Task description => Below are the entries to work from; restate word for word the portion that opens with the line containing "πλακέ (30cm) (ΓΚΡΙ)" and closes with the line containing "深棕、胡桃木、墨绿、红棕的颜", keeping both.

Exercise material =>
# # # # # # #
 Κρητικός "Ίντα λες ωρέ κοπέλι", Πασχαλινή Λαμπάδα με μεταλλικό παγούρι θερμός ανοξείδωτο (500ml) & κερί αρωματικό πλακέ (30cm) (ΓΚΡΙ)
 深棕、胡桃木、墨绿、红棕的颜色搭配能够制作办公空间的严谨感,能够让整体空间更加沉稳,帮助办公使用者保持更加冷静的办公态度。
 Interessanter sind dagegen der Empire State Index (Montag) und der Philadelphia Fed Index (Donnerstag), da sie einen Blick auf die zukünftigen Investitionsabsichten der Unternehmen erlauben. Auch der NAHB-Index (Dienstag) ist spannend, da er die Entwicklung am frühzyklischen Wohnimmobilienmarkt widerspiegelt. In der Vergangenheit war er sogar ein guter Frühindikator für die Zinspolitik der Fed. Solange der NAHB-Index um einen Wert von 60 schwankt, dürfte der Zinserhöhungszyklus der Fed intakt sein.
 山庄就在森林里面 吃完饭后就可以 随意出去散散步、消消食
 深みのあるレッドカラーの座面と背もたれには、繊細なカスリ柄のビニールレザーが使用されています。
# # # # # # #
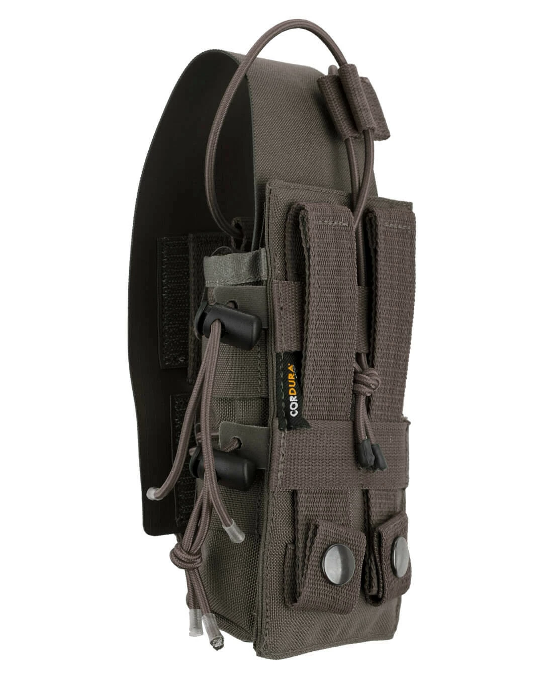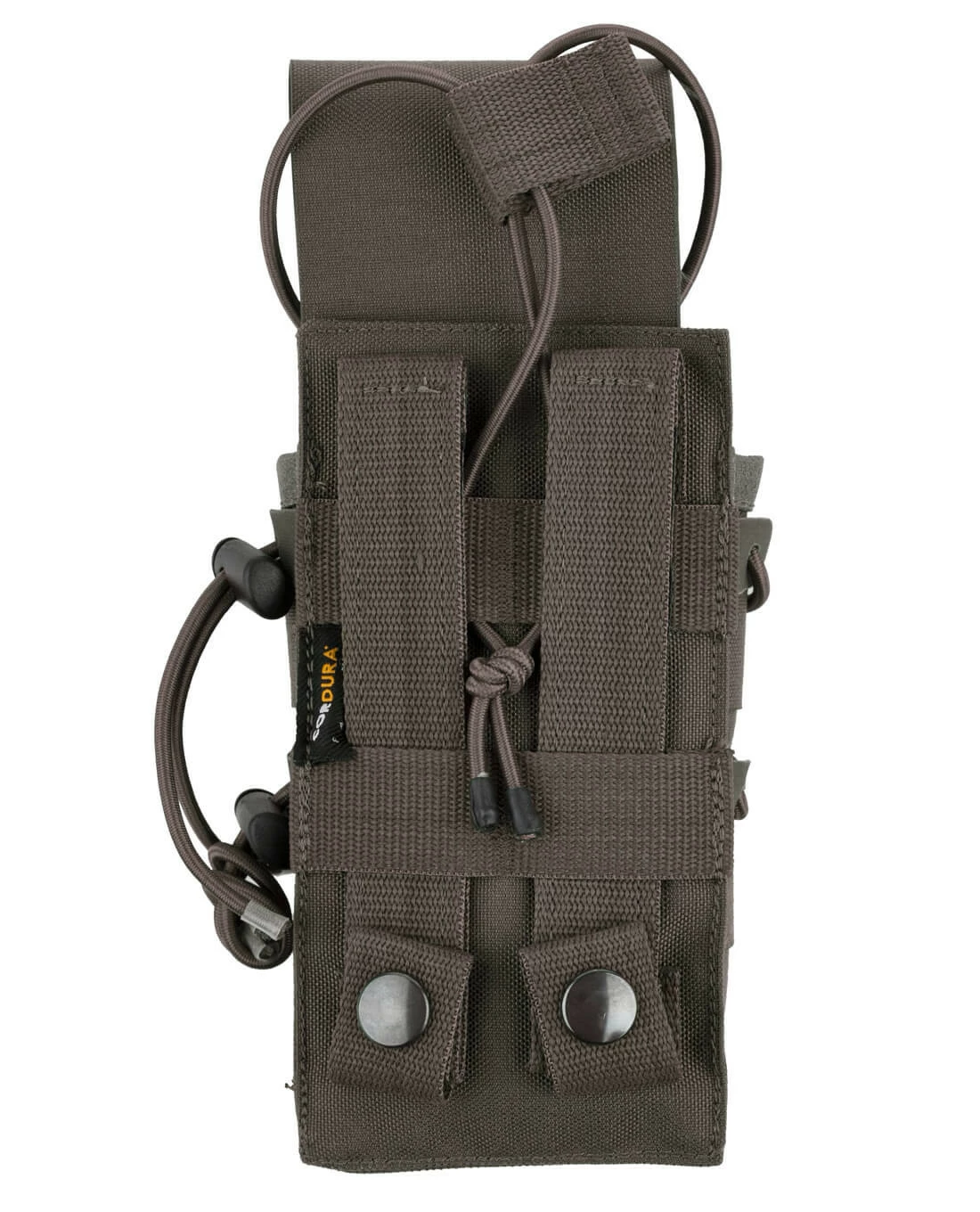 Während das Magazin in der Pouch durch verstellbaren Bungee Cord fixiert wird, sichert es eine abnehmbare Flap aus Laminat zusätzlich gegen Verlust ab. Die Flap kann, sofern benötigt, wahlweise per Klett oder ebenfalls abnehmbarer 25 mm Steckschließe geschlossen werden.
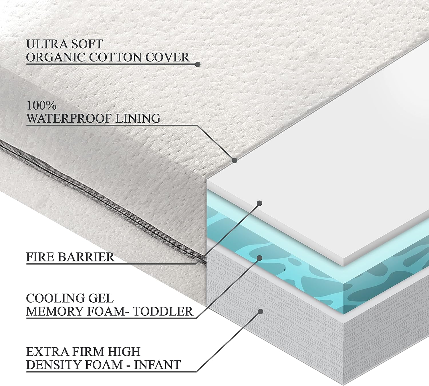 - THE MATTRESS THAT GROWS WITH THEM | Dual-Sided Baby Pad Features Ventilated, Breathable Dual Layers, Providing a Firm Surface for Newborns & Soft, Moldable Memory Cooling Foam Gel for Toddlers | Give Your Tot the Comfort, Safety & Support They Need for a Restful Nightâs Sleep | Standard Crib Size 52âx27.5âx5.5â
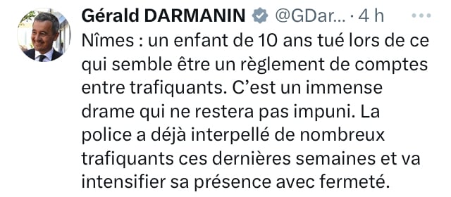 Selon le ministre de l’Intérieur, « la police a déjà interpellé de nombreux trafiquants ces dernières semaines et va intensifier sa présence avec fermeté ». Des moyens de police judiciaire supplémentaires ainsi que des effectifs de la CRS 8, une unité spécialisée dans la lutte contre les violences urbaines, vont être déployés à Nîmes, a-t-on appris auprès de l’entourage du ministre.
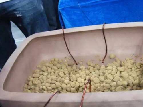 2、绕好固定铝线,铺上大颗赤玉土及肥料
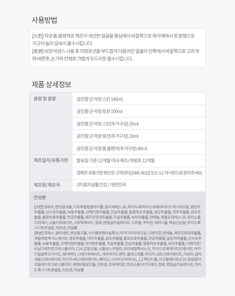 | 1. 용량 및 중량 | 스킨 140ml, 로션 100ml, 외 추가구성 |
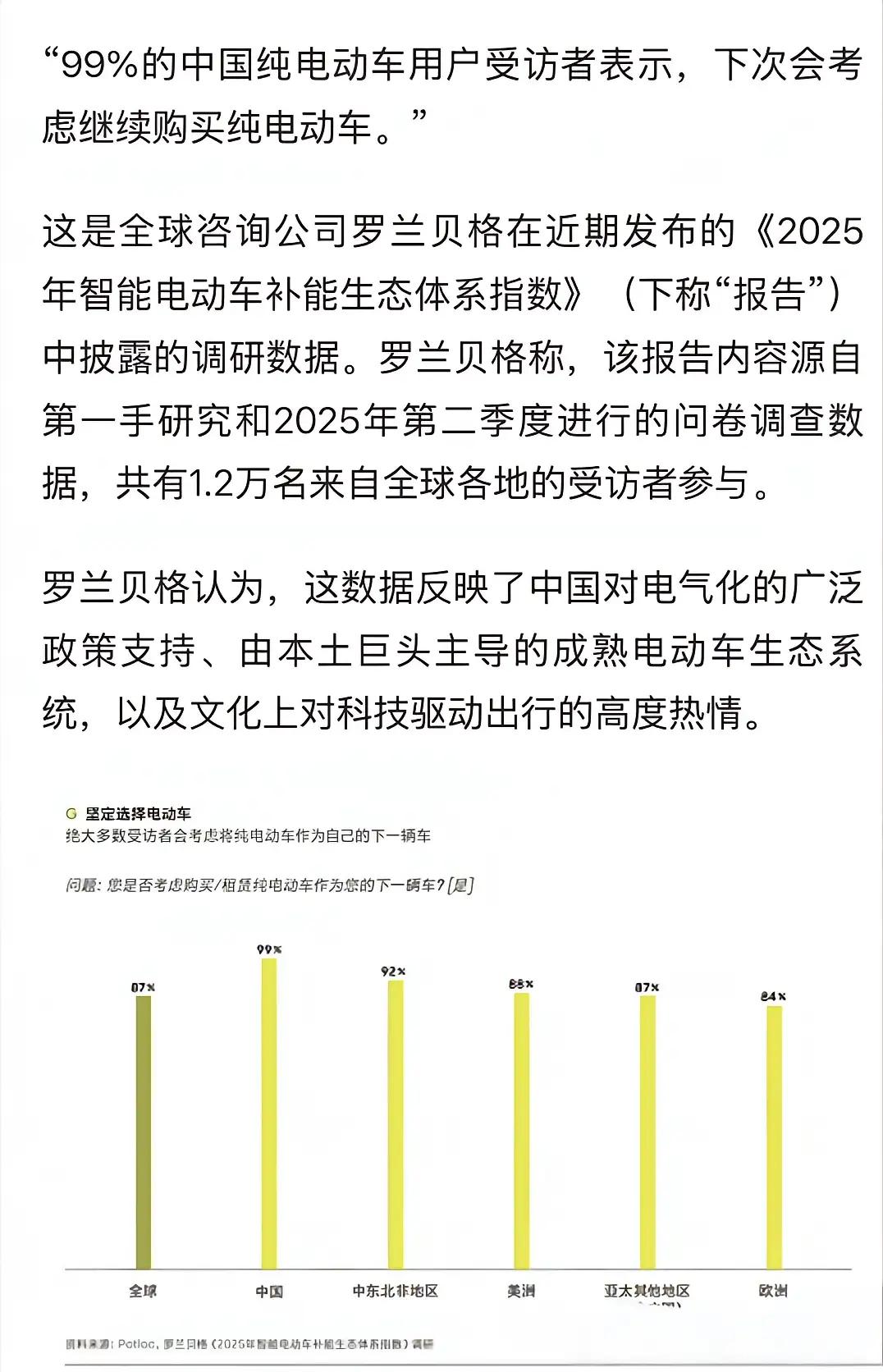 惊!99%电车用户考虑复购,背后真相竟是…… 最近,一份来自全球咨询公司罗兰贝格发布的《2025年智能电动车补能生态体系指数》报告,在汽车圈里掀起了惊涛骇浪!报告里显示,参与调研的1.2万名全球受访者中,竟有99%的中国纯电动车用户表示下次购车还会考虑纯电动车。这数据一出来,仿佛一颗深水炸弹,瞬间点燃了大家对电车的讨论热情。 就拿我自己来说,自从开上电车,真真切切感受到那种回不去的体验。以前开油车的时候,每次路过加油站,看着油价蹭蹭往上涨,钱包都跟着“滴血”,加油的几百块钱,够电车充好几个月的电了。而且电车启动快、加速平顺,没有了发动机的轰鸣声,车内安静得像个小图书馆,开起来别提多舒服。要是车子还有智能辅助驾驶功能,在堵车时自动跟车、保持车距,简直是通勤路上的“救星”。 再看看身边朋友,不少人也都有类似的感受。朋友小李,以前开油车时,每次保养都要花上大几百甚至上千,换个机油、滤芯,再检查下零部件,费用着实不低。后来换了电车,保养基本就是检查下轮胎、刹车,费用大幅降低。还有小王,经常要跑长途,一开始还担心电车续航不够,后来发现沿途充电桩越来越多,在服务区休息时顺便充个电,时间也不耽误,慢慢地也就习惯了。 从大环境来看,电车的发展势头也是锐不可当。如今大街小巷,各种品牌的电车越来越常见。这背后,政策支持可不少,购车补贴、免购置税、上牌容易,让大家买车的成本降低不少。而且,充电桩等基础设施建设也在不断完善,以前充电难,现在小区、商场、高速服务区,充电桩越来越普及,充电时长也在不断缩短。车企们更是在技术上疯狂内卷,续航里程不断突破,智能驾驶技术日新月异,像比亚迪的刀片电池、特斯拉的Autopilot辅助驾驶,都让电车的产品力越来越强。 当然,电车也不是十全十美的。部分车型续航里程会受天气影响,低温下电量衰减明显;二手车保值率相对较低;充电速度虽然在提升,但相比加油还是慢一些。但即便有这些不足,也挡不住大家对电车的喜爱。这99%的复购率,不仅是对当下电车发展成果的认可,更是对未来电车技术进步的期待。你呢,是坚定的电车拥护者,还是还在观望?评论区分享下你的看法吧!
# # # # # # #
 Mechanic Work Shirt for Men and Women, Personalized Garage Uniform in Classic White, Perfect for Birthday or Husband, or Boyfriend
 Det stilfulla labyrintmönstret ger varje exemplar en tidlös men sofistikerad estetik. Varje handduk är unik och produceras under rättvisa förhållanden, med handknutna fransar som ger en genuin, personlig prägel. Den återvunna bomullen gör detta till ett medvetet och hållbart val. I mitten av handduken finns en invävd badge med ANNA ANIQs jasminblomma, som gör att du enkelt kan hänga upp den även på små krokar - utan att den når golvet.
# # # # # # #
Your response =>
 Κρητικός "Ίντα λες ωρέ κοπέλι", Πασχαλινή Λαμπάδα με μεταλλικό παγούρι θερμός ανοξείδωτο (500ml) & κερί αρωματικό πλακέ (30cm) (ΓΚΡΙ)
 深棕、胡桃木、墨绿、红棕的颜色搭配能够制作办公空间的严谨感,能够让整体空间更加沉稳,帮助办公使用者保持更加冷静的办公态度。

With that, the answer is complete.